The Meeting of the Society of Oncology and Cancer Research of Nigeria has been scheduled for July 21st to 25th 2007. The program will feature joint symposium with the American Society of Clinical Oncology, Nursing Oncology Training Workshop, opportunities for poster and oral presentations, a students section, etc. Please visit the society's web page for more information

 

 


 

CANCER IN NIGERIA

 

As an oncologist, cancer is the main focus of my clinical, teaching and research activities. The commonest cancers in Ngeria are, among females, breast and cervical cancers, and among males, liver and prostate cancers. For more go to the Cancer page (see the side panel)

 

 BREAST CANCER CLINICAL TRIALS IN NIGERIA

 

An important way of generating new knowledge about cancer treatment is the clinical trials mechanism (http://www.cancer.gov/clinicaltrials/learning/page3). Clinical trials benefit patients and institutions in many ways including:

  • Providing patients access to cutting edge treatment that is often not yet widely available
  • Close and detailed follow-up
  • Subsidizing treatment of patients
  • Contribution to new knowledge that will benefit future generation
  • Working with leading experts in the field and increasing local skills and expertise

 

At the Oncology Division of the Department of Surgery, University College Hospital, Ibadan, patients can enroll in any of the following clinical trials:

 

a.

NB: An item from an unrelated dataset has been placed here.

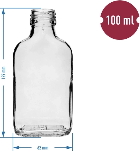 Kompaktowa szklana piersiówka o pojemności 100 ml jest idealna na alkohole, domowe destylaty lub syropy. Dzięki przezroczystemu szkłu zawsze masz wgląd w zawartość, a smukły kształt sprawia, że łatwo mieści się w kieszeni i plecaku – świetny towarzysz na wycieczki, biwakowanie i do serwowania w domu.
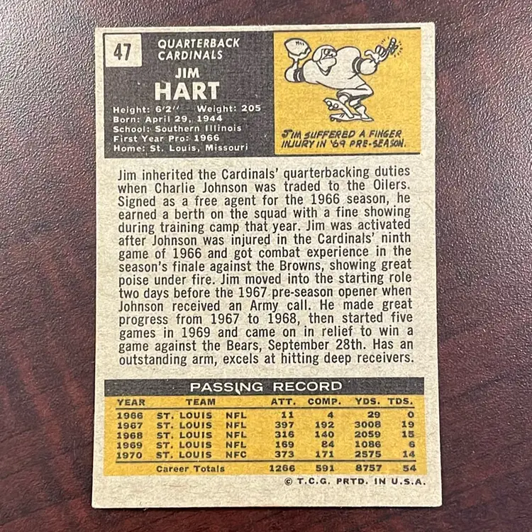 1971 Topps Jim Hart. The corners are dinged. Take a look at the pictures for more details.

An International Breast Cancer Study Group (http://www.ibcsg.org/) clinical trial of the value of metronomic chemotherapy in the treatment of breast cancer patients whose tumors are hormone receptor negative (IBCSG Trial 22-00). The chemotherapy is used as an anti-angionesis agent in these patients for whom there is currently little evidence based gold standard treatment. Patient accrual into this study will start shortly so contact us if you are a clinician interested in referring patients or you are a Nigerian patient interested in participating in the trial.

 

b.  An International Breast Cancer Study Group (http://www.ibcsg.org/) clinical trial of chemotherapy in the treatment of breast cancer patients whose tumors have recurred after initial treatment (IBCSG Trial 27-02, NSABP Protocol B37, BIG Trial 1-02). There is currently no gold standard for the treatment of these patients and studies like this will help us to know what to do for cush patients in future. Patient accrual into this study will start shortly so contact us if you are a clinician interested in referring patients or you are a Nigerian patient interested in participating in the trial.

 

We have published our analysis of the molecular subtype of breast cancer seen in Ibadan and contrary to the often stated claims, there was no substantial difference in the pattern compared to the results from well conducted studies from other parts of the world. This finding is practice changing in many ways:

a. When the ER/PR status of patients is unknown, it is appropriate to treat as ER positive

b. We need to focus on other issues such as quality of care, early presentation, etc to reduce the poor survival of our breast cancer patients rather than assume that it is due to biology.